→ **THE TASK**:
What is needed is an exact copy of the data below, pictures excluded.

→ **INFORMATION PROVIDED**:

========

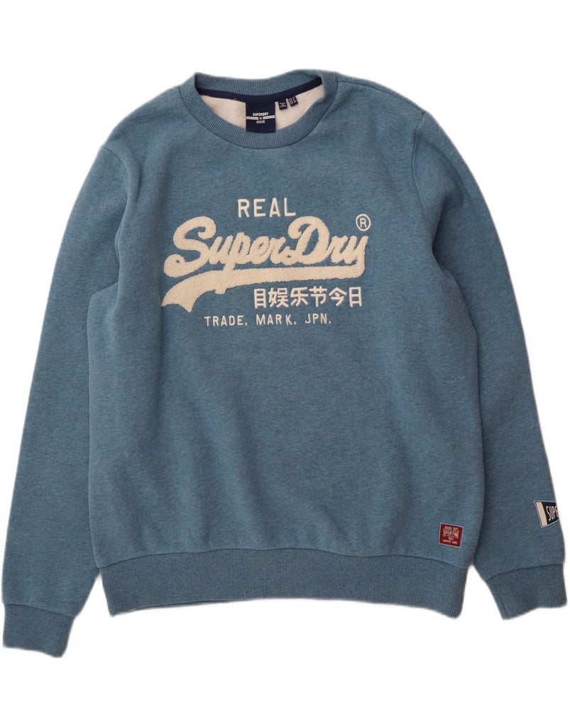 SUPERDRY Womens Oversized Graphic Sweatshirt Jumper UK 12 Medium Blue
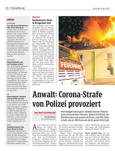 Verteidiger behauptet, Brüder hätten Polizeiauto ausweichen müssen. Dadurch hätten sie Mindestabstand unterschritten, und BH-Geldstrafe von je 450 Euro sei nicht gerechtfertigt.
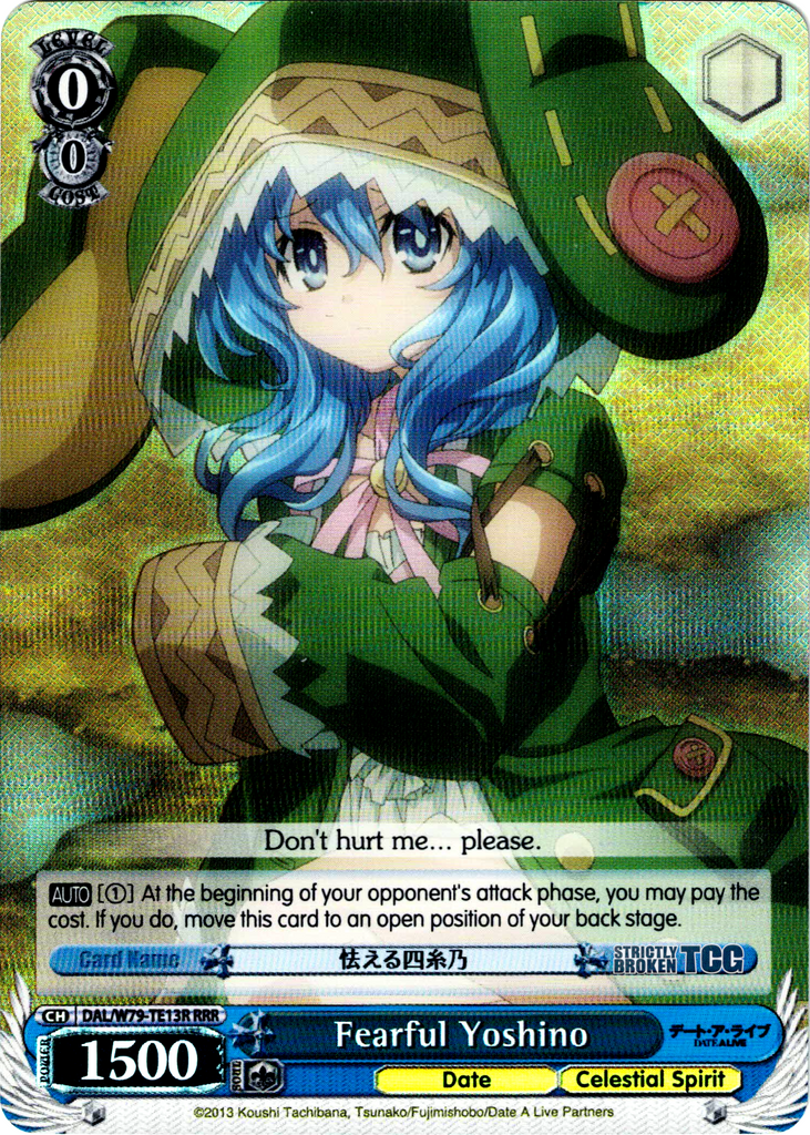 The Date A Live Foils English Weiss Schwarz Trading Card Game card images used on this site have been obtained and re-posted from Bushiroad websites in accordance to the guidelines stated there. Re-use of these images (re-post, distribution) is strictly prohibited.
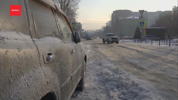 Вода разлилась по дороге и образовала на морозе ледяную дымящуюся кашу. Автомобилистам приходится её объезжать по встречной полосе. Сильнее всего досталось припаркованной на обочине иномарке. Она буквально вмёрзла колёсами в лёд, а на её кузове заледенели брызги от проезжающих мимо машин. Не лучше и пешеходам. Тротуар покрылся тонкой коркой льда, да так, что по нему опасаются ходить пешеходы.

========

→ **ANSWER**:
 SUPERDRY Womens Oversized Graphic Sweatshirt Jumper UK 12 Medium Blue
 Verteidiger behauptet, Brüder hätten Polizeiauto ausweichen müssen. Dadurch hätten sie Mindestabstand unterschritten, und BH-Geldstrafe von je 450 Euro sei nicht gerechtfertigt.
 The Date A Live Foils English Weiss Schwarz Trading Card Game card images used on this site have been obtained and re-posted from Bushiroad websites in accordance to the guidelines stated there. Re-use of these images (re-post, distribution) is strictly prohibited.
 Вода разлилась по дороге и образовала на морозе ледяную дымящуюся кашу. Автомобилистам приходится её объезжать по встречной полосе. Сильнее всего досталось припаркованной на обочине иномарке. Она буквально вмёрзла колёсами в лёд, а на её кузове заледенели брызги от проезжающих мимо машин. Не лучше и пешеходам. Тротуар покрылся тонкой коркой льда, да так, что по нему опасаются ходить пешеходы.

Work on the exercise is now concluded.